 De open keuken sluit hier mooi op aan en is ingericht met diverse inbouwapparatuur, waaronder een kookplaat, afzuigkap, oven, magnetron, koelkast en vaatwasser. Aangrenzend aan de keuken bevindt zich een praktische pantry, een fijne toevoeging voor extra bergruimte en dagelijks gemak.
────────────────────
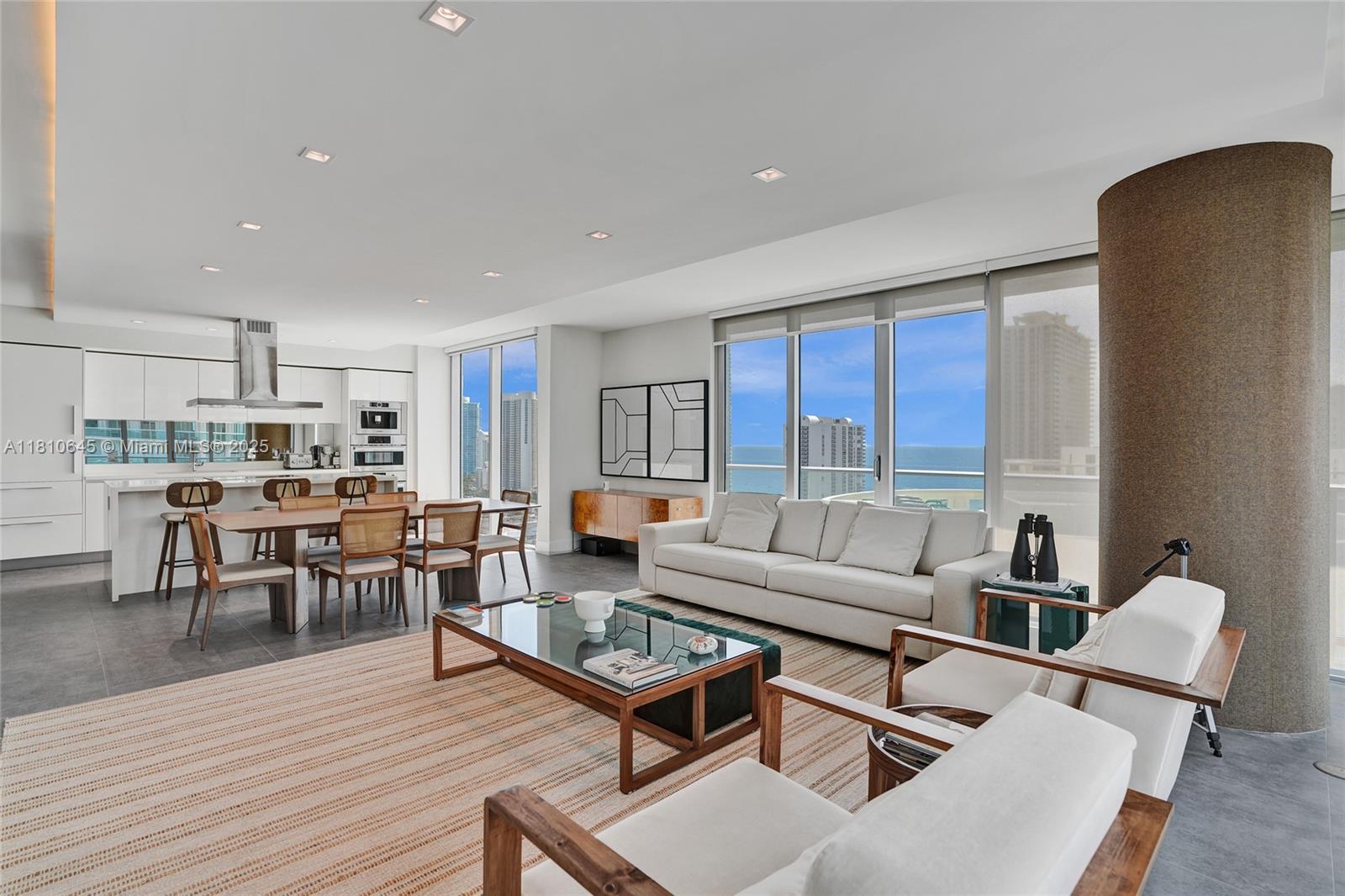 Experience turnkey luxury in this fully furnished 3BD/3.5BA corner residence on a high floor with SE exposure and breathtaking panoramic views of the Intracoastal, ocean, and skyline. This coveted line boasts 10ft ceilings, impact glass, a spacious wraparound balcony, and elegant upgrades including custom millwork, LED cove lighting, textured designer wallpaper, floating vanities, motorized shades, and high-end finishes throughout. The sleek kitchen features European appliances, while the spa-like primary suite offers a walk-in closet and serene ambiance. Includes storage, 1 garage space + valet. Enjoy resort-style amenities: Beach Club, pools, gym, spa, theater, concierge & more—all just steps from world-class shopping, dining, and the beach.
────────────────────
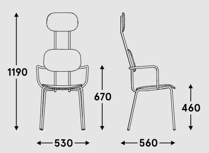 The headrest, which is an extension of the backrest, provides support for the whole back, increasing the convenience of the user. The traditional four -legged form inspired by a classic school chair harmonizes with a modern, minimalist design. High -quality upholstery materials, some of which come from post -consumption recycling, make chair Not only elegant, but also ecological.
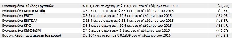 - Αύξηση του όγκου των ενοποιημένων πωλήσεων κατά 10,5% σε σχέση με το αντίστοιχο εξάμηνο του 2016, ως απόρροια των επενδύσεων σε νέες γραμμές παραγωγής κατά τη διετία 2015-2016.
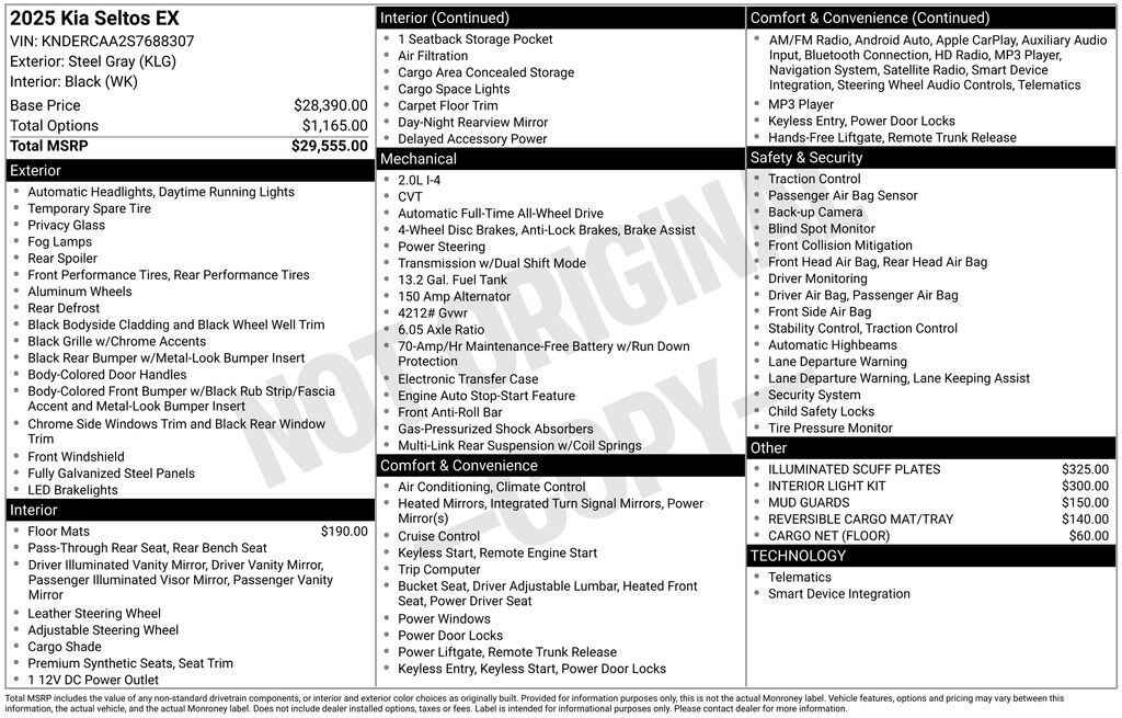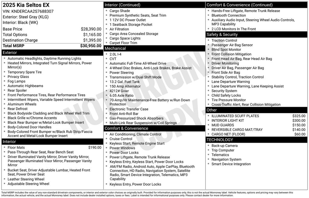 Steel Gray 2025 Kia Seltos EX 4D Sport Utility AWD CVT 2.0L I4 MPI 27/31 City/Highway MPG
────────────────────
Task goal - Copy the lines above between the one holding "- Αύξηση του" and the one holding "Steel Gray 2025", inclusive. Drop the pictures.

Answer area -
 - Αύξηση του όγκου των ενοποιημένων πωλήσεων κατά 10,5% σε σχέση με το αντίστοιχο εξάμηνο του 2016, ως απόρροια των επενδύσεων σε νέες γραμμές παραγωγής κατά τη διετία 2015-2016.
 Steel Gray 2025 Kia Seltos EX 4D Sport Utility AWD CVT 2.0L I4 MPI 27/31 City/Highway MPG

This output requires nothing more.